公立小中の耐震化率80・3% 99市区町村で耐震化率50%未満 文科省まとめ

 文部科学省が毎年度行っている公立学校施設の耐震改修状況調査によると、2011年度の公立小中学校の耐震化率は80・3%で、耐震性のない建物の数は2万2911棟となった。耐震化率の伸びは2年連続で過去最高の前年度比7ポイント増となったが、依然として耐震化率が50%に満たない市区町村も全体の6%に当たる99団体に上った。また、東日本大震災の発生後に追加調査した非構造部材の耐震対策の実施率は45・4%で、対策の実施校が半数に達していないことも判明した。
 調査は4月1日時点のもので、東日本大震災で被害が大きかった岩手県、宮城県、福島県の3県は調査対象から除外した。11年度当初予算と11年度第1次補正予算が執行されると、耐震化率は約86%まで伸びる見通しだという。耐震診断の実施率は98・8%(0・8ポイント増)。
 一方、耐震性がない建物は2万2911棟あり、このうち大規模地震で倒壊の危険があるIS値0・3未満の学校も4614棟残っている。文科省は今回の調査から耐震化率の市区町村ランキングを公表、耐震化率50%未満の市区町村(学校組合を含む)が99団体あることが分かった。50%未満の市区町村が最も多かったのは北海道の25市町村で、大阪府の10市町、福岡県の9市町などが続いた。
 文科省は、震災後の5月に公立小中学校の耐震化を前倒しで実施し、2015年度末までに完了させる目標を初めて打ち出した。耐震化率100%を達成している市区町村が全体の32・8%に達する中、ランキングの公表などで、取り組みが進んでいない市区町村の底上げを図る狙いがある。
 耐震化率に関する小中学校以外の調査結果は▽幼稚園70・9%▽高校80・3%▽特別支援学校91%―となった。
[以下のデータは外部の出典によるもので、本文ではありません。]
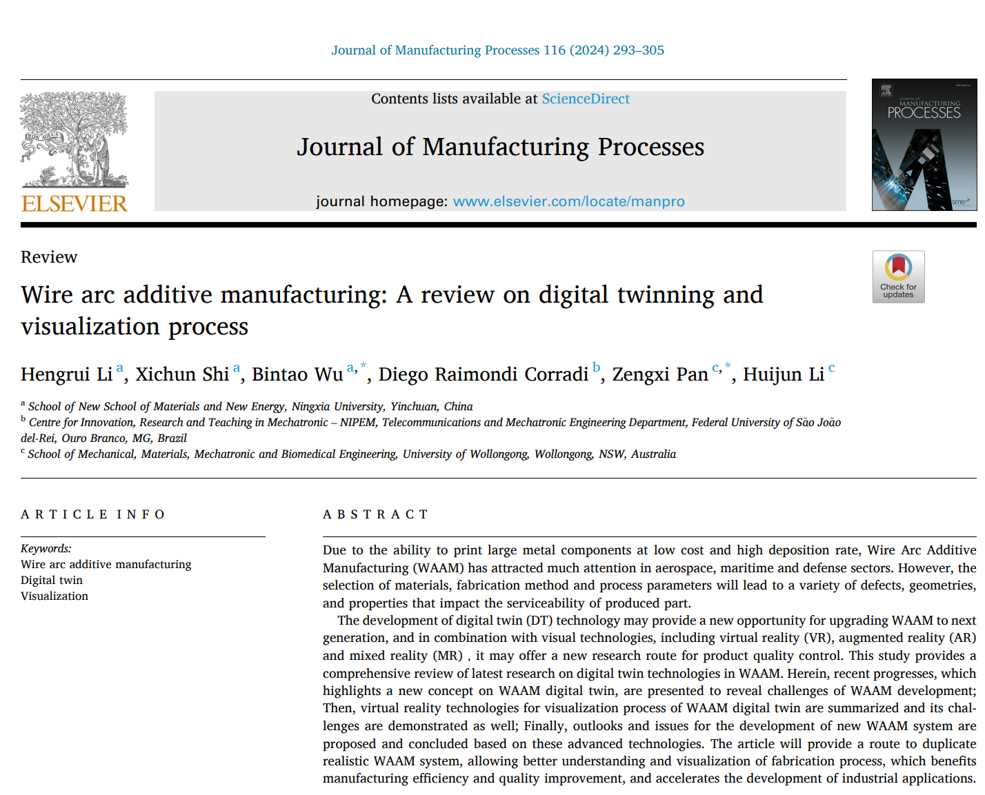 近日,av狼 吴斌涛教授课题组联合巴西圣若昂-德雷UFSJ联邦大学、澳大利亚伍伦贡大学在国际知名期刊《JournalofManufacturing Processes》(中科院一区TOP)发表题为“Wire arc additive manufacturing: A review on digital twinning and visualization process”的高水平综述文章。文章在对电弧熔丝增材制造挑战回顾的基础上,总结、分析新型的电弧熔丝增材制造数字孪生技术及其可视化,并对其未来发展方向进行了展望。av狼 为论文第一单位,硕士研究生李恒芮为第一作者,av狼 吴斌涛教授、澳大利亚伍伦贡大学ZengxiPan教授为共同通讯作者。

木造の小中学校建物の耐震化率は74・2%。

「非構造部材の耐震化は45・4%」

 東日本大震災の発生後に追加調査を行った非構造部材については、5月1日時点で▽天井材▽照明器具▽窓ガラス▽外装材▽内装材▽設備機器▽家具―の7項目で耐震化の実施状況を調べた。このうち、全項目で耐震点検を行った小中学校は65・3%、耐震対策を実施した学校は45・4%あった。耐震対策を実施していない学校は1万0311校に及んでいる。
 非構造部材については、有識者会議の「東日本大震災の被害を踏まえた学校施設の整備に関する検討会」が行った緊急提言でも、耐震化の必要性を指摘。ただ、非構造部材の耐震化に対する国庫補助は、耐震補強や改築工事と比べて補助率が低いため、文科省は第3次補正予算や12年度の概算要求などで対策を講じる考えだ。